This is a very solemn portrait of a mother and her sons. She was the cousin of Queen Victoria. She was born as Princess Victoria of Saxe-Coburg and Gotha in 1822. On 27 April 1840, at the Château de Saint-Cloud, she married Louis d’Orléans, known since birth as the Duke of Nemours. She died five years after this picture was taken, aged only 35, two months after the birth of her youngest child in 1857 (see my other post here for a picture of the Duchess on her deathbed).

Her oldest son, 10 years old on this photo, is Louis Philippe Marie Ferdinand Gaston d’Orléans, Count of Eu (28 April 1842 – 28 August 1922), who married Isabella, eldest daughter and heiress of Dom Pedro II of Brazil; her other son, eight years of age on the photo, is Ferdinand Philippe Marie d’Orléans, Duke of Alençon (12 July 1844 – 29 June 1910), who married Duchess Sophie Charlotte in Bavaria (1847–1897), sister of Elizabeth, Empress of Austria, and who had been for a time engaged to Ludwig II of Bavaria.

And then she had two daughters. Marguerite Adelaide (1846–1893), who married Prince Ladislaus Czartoryski and Blanche Marie Amelie Caroline Louise Victoire d’Orléans (28 October 1857 – 4 February 1932) who never married.
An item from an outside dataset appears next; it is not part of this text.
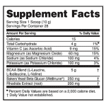 BCAA Blend (L-Leucine, L-Isoleucine, L-Valine) (Soy Lecithin), Natural & Artificial Flavors, Citric Acid, Malic Acid, Bakers Yeast Beta Glucan (Wellmune ), Rhodiola Extract (Root), Sodium Chloride, Tartaric Acid, Potassium Chloride, Magnesium Oxide, Soy Lecithin, Calcium Silicate, Silicon Dioxide, Sucralose, Ascorbic Acid, Red 40, Blue 2.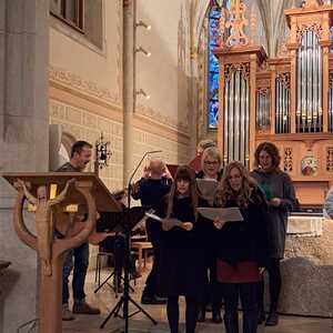 Und dann, am 24. Dezember ist es soweit: Einstimmen, ruhig werden, der besonderen Atmosphäre dieses Tages nachspüren, so beginnen wir den FaGoDi zur Weihnacht immer mit dem "Zuwisinga". Dieses Mal mit dem Versuch, alle Mitfeiernden mehr zum Mitsingen einzuladen. Dafür gesellte sich der Chor etwas weiter nach vor, und voll Freude konnte ich feststellen, dass wir wirklich gesanglich ordentlich unterstützt wurden - von Kindern, Eltern, Großeltern - ein wundervolles Miteinander!

Throughout her life the Duchess had various titles, styles, honours and arms:

  • 14 February 1822 – 27 June 1826: Her Serene Highness Princess Victoria of Saxe-Coburg-Saalfeld, Duchess in Saxony
  • 27 June 1826 – 27 April 1840: Her Serene Highness Princess Victoria of Saxe-Coburg and Gotha, Duchess in Saxony
  • 27 April 1840 – 10 December 1857: Her Royal Highness The Duchess of Nemours

What I often find so shocking, or reassuring maybe, that these noble ladies look so human and sometimes even insignificant on the photographs in contrast to the grand paintings that we mostly know them by. I will post a few paintings of the Duchess for you to compare (for example my other post here). Then look at this photo again and you see a woman who looks rather insignificant. She could be one of many. But if you see her on the paintings she looks absolutely grand.